WHAT YOU SHOULD DO: Leave the pictures out and restate every line below exactly.

GIVEN INFORMATION:
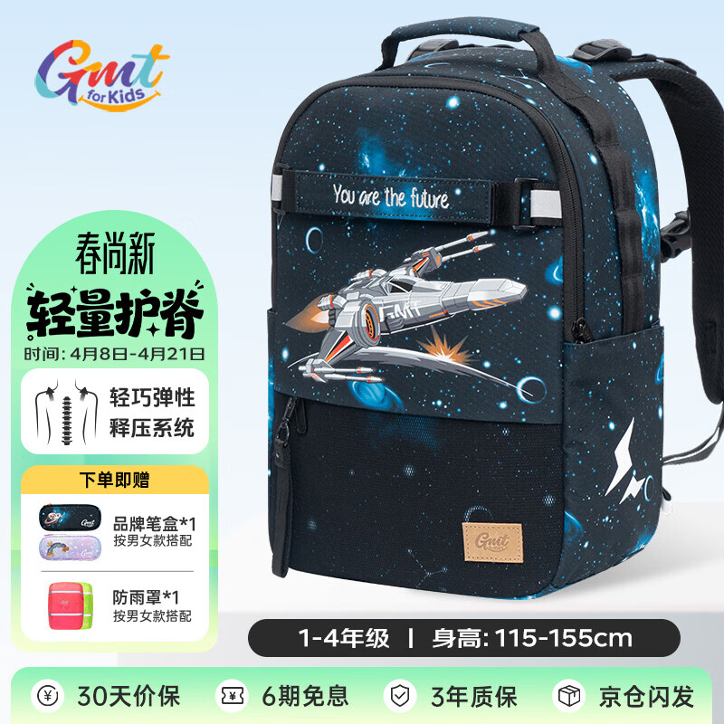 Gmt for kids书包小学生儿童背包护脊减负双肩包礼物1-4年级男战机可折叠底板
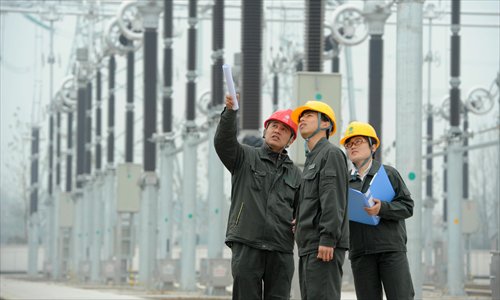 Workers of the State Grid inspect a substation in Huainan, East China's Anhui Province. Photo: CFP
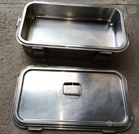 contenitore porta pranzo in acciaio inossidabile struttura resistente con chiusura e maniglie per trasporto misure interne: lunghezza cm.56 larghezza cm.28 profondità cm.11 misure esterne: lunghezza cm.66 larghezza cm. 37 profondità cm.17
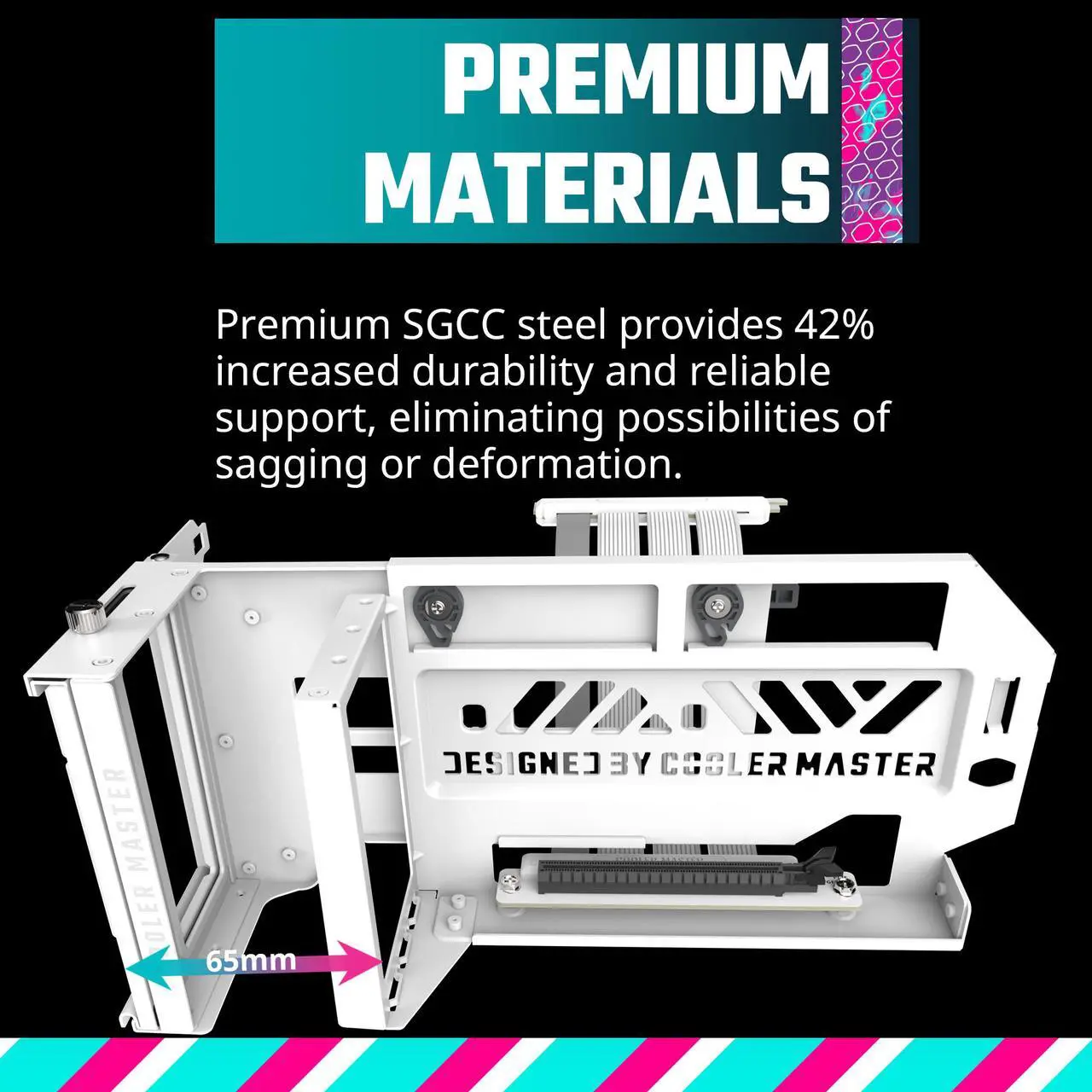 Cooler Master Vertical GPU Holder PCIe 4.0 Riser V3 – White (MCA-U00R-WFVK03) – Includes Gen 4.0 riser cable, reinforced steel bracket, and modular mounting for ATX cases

EXERCISE SOLUTION:
 Gmt for kids书包小学生儿童背包护脊减负双肩包礼物1-4年级男战机可折叠底板
 Workers of the State Grid inspect a substation in Huainan, East China's Anhui Province. Photo: CFP
 contenitore porta pranzo in acciaio inossidabile struttura resistente con chiusura e maniglie per trasporto misure interne: lunghezza cm.56 larghezza cm.28 profondità cm.11 misure esterne: lunghezza cm.66 larghezza cm. 37 profondità cm.17
 Cooler Master Vertical GPU Holder PCIe 4.0 Riser V3 – White (MCA-U00R-WFVK03) – Includes Gen 4.0 riser cable, reinforced steel bracket, and modular mounting for ATX cases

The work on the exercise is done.